- Exercise:
Given the records underneath, please repeat exactly the lines from the line with "マザーオブパールとペリドットをあしらったピアスは、調和と希望の輝きをプラス。" through the line with "Phát biểu tại", passing over any picture.

- The data:
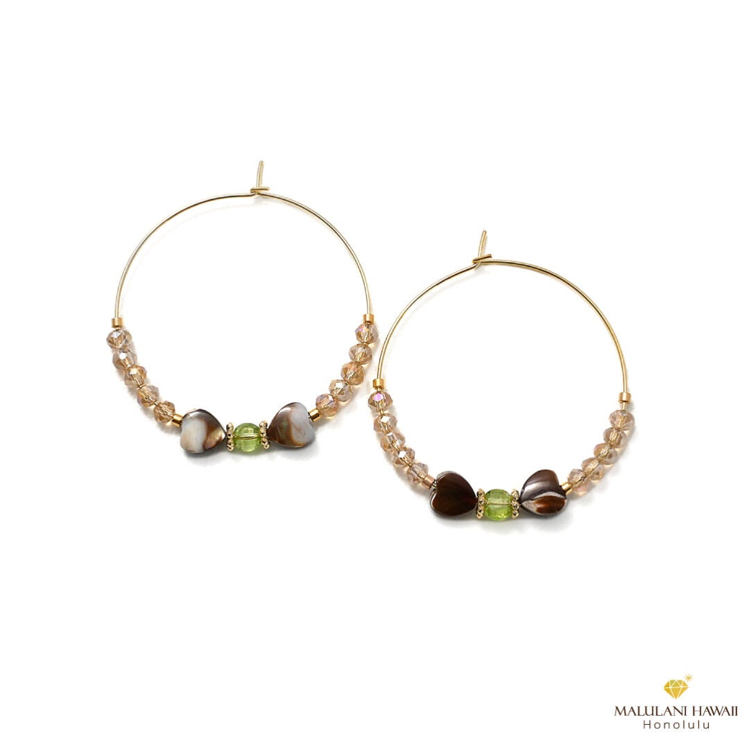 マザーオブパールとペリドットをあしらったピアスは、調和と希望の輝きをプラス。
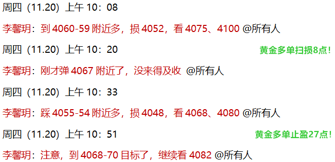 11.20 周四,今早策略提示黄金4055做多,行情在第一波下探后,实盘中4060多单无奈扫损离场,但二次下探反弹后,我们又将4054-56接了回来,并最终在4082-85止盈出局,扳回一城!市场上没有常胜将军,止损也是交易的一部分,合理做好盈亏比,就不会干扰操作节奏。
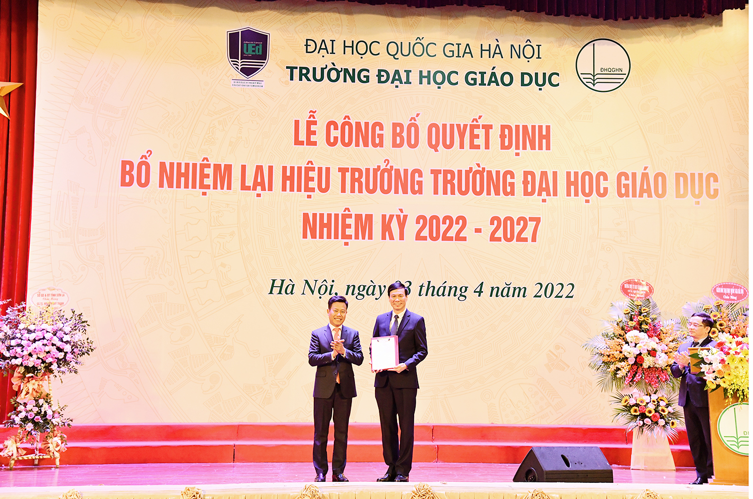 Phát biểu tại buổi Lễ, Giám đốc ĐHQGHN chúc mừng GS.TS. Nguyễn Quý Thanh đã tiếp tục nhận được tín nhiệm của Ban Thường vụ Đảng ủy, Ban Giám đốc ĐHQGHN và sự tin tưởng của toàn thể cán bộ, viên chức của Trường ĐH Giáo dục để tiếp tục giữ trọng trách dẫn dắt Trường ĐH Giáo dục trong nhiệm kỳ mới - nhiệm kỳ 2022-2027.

---

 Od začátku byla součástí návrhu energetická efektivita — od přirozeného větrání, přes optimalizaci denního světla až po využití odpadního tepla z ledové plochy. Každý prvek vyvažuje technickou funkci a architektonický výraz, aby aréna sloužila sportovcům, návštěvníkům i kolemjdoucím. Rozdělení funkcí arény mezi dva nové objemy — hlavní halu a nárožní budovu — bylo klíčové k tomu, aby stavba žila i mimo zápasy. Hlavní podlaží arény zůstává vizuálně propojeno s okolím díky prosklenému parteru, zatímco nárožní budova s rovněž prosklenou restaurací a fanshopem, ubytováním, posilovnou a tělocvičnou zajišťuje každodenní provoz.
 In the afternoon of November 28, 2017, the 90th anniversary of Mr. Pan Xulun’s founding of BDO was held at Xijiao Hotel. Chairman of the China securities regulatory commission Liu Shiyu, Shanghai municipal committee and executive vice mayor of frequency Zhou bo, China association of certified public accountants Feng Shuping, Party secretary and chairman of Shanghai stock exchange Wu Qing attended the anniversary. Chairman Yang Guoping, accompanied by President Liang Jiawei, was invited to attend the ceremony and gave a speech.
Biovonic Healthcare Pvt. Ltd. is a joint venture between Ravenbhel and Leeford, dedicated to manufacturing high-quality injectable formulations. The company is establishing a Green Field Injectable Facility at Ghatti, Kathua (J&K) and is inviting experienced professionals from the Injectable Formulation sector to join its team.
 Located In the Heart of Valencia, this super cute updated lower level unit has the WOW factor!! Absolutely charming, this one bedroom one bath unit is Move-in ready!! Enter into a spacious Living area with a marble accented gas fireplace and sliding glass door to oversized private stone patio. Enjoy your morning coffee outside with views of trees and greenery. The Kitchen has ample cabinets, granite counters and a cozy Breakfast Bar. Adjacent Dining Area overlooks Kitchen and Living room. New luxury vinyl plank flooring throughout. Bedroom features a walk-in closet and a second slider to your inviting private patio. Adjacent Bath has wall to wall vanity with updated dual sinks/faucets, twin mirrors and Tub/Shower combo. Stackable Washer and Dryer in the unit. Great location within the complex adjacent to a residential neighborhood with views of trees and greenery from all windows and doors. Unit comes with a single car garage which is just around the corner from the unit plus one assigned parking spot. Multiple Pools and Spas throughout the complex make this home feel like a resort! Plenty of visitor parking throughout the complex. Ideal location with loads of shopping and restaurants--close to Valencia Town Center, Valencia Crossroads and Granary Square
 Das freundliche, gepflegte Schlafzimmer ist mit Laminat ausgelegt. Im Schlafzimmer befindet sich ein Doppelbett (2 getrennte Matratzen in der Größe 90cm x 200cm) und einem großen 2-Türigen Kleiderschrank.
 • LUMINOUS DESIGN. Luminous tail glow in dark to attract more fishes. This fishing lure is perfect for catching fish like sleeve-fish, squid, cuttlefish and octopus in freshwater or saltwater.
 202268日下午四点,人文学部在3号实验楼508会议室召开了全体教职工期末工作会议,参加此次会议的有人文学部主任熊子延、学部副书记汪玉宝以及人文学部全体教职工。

- Answer to this exercise:
 マザーオブパールとペリドットをあしらったピアスは、調和と希望の輝きをプラス。
 11.20 周四,今早策略提示黄金4055做多,行情在第一波下探后,实盘中4060多单无奈扫损离场,但二次下探反弹后,我们又将4054-56接了回来,并最终在4082-85止盈出局,扳回一城!市场上没有常胜将军,止损也是交易的一部分,合理做好盈亏比,就不会干扰操作节奏。
 Phát biểu tại buổi Lễ, Giám đốc ĐHQGHN chúc mừng GS.TS. Nguyễn Quý Thanh đã tiếp tục nhận được tín nhiệm của Ban Thường vụ Đảng ủy, Ban Giám đốc ĐHQGHN và sự tin tưởng của toàn thể cán bộ, viên chức của Trường ĐH Giáo dục để tiếp tục giữ trọng trách dẫn dắt Trường ĐH Giáo dục trong nhiệm kỳ mới - nhiệm kỳ 2022-2027.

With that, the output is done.